▸ Task instructions
Return exactly the lines below, starting with the one that has "1976年にロンドンで初演、" and going on through the one that has "Un hombre lleva".

▸ Source material
------------------------------------------------------------------------

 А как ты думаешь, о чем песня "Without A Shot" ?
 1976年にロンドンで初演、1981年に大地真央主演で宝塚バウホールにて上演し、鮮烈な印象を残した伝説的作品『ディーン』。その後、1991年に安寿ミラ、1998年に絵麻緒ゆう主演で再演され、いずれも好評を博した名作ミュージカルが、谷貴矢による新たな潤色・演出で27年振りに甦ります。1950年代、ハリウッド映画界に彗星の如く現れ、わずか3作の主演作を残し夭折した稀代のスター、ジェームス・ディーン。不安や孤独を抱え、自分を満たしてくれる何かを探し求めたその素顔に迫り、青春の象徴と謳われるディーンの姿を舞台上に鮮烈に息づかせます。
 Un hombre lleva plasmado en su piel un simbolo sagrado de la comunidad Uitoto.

------------------------------------------------------------------------

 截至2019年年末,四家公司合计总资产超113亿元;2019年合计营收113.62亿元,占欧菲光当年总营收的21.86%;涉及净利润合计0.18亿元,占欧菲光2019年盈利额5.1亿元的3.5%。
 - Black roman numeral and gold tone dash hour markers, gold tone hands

------------------------------------------------------------------------

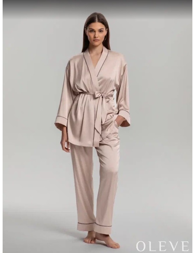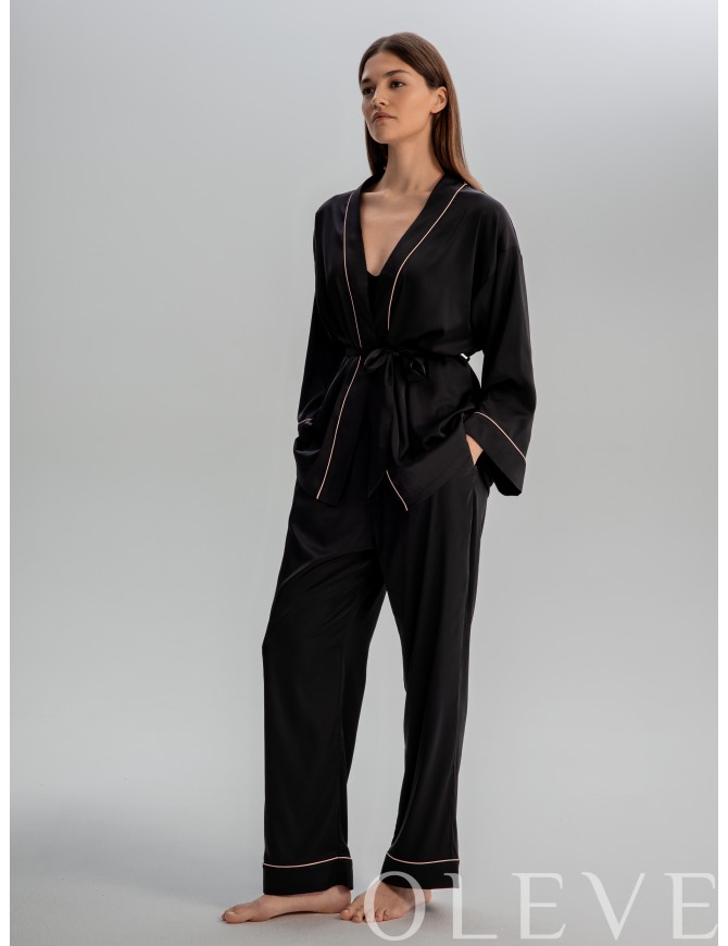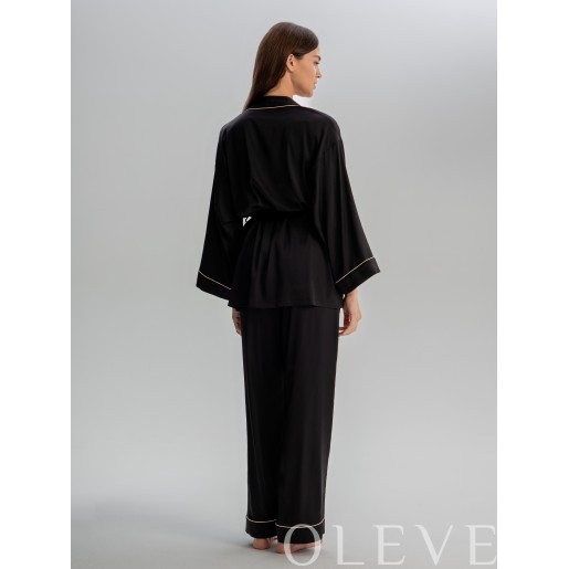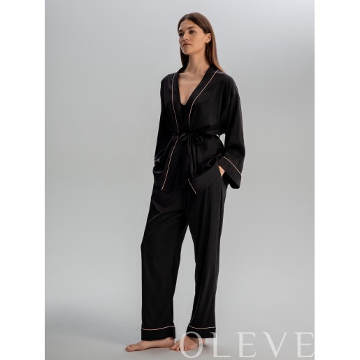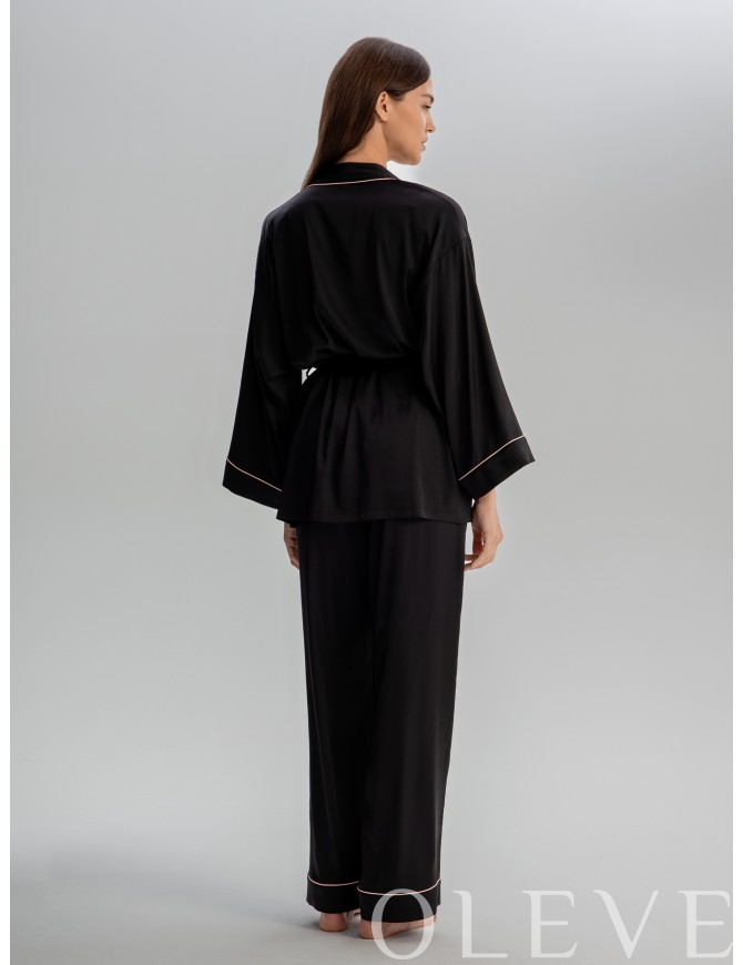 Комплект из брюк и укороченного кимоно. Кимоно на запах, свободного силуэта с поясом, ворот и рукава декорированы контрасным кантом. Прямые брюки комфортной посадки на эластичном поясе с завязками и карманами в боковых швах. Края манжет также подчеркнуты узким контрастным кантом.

------------------------------------------------------------------------

▸ Task result
 1976年にロンドンで初演、1981年に大地真央主演で宝塚バウホールにて上演し、鮮烈な印象を残した伝説的作品『ディーン』。その後、1991年に安寿ミラ、1998年に絵麻緒ゆう主演で再演され、いずれも好評を博した名作ミュージカルが、谷貴矢による新たな潤色・演出で27年振りに甦ります。1950年代、ハリウッド映画界に彗星の如く現れ、わずか3作の主演作を残し夭折した稀代のスター、ジェームス・ディーン。不安や孤独を抱え、自分を満たしてくれる何かを探し求めたその素顔に迫り、青春の象徴と謳われるディーンの姿を舞台上に鮮烈に息づかせます。
 Un hombre lleva plasmado en su piel un simbolo sagrado de la comunidad Uitoto.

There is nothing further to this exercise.